Adding more power of one database server with more RAM, disk space, and CPU is regarded as scaling the database vertically. This is quite easy. But when comes to horizontally scale of the database into multiple physical or virtual nodes, it is a daunting task especially for SQL databases to ensure the consistency of the operation as a whole. Horizontal scaling means you could distribute your database workload into multiple instances (nodes) whether virtually in a single server, across multiple physical servers, or in the cloud grid. The rise of container technology such as Docker that use small footprint of server processes has made it possible to scale out database services into thousands of nodes in the cloud. Latency and throughput of the data are often used to benchmark the performance of horizontal scaling.

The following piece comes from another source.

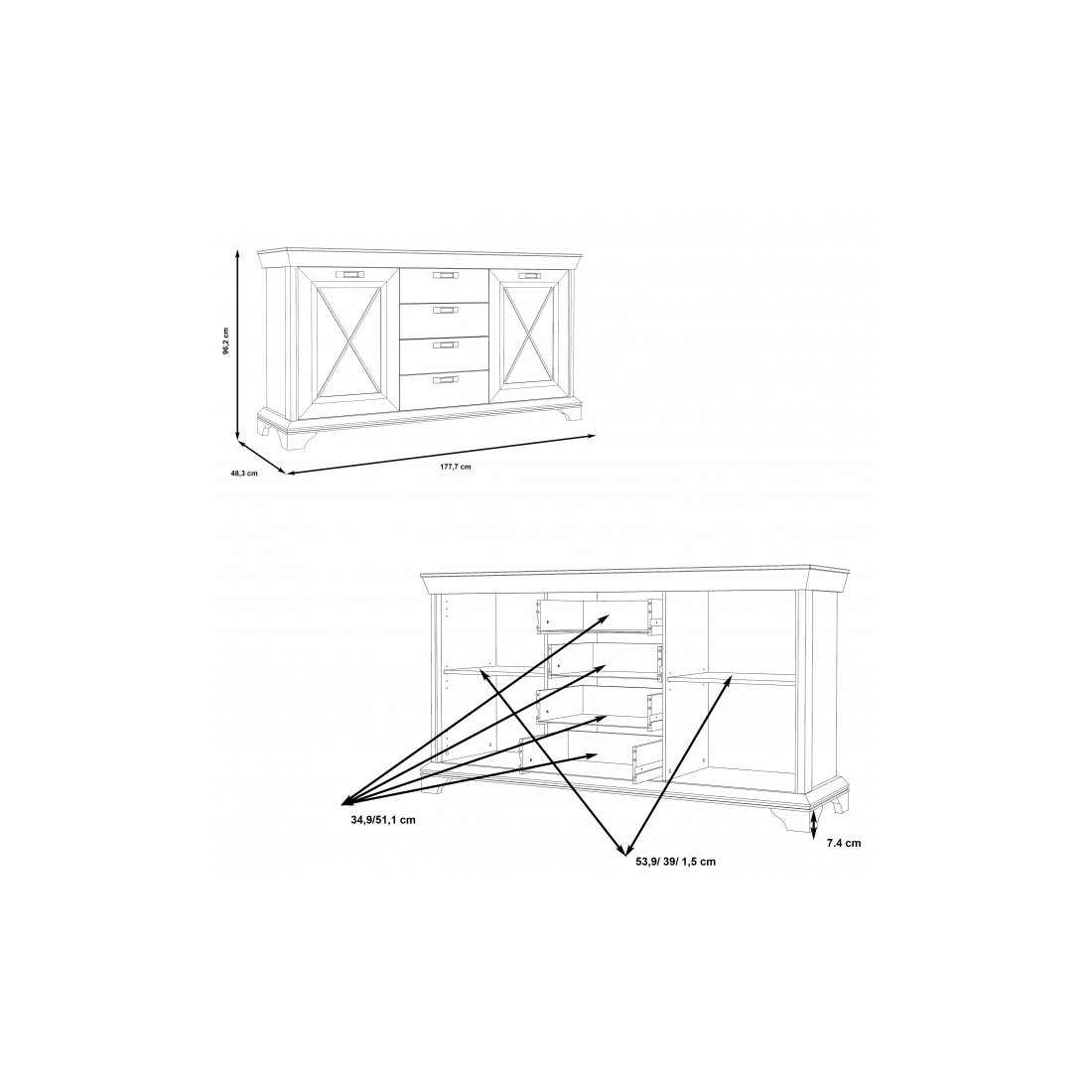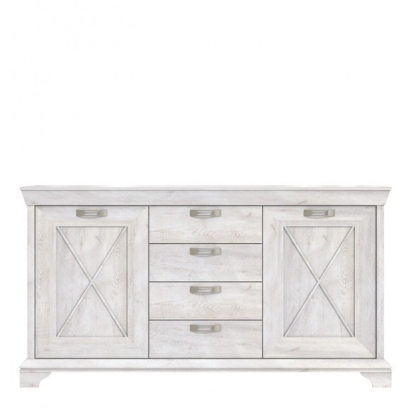 Cele 2 uși și cele 4 sertare ale bufetului Kashmir oferă spațiu generos pentru a-ți păstra obiectele personale organizate și la îndemână. Este locul ideal pentru veselă, lenjerie, sau orice alte lucruri pe care dorești să le păstrezi în siguranță.

The above shows the benchmark of average time taken by clusters of Cassandra vs MySQL NDB (Network Database) for CRUD (create-read-update-delete) operations. You could get more detail at this blog.

Horizontal scaling is pretty much a big topic. I could not afford to compare as many noSQL and SQL databases. Both noSQL and SQL providers (especially New SQL provider) are racing to provide better configurations for distributed database service. Some databases offer elastic scaling that means we could scale up the capacity, scale out the number of nodes, or strip down both capacity and nodes at any time without impacting the connected client applications. Most of noSQL and SQL use technique called sharding to distribute data into a number of nodes. Data distributed will be partitioned into many nodes under certain range of keys. As to get some insights on both offerings for scalability, here I choose MongoDB, VoltDB SQL, and Cassandra which these technologies I believe are quite revolutionizing.

MongoDB

MongoDB use a few approaches of sharding to scale out the database. MongoDB also allow certain collections (collections are like tables in SQL) not to be sharded and live only in the primary partition. The whole non-replicated or a set of replicated database (a master and replicas) built before for high availability can be sharded into a cluster of multiple units or groups of replicated instances.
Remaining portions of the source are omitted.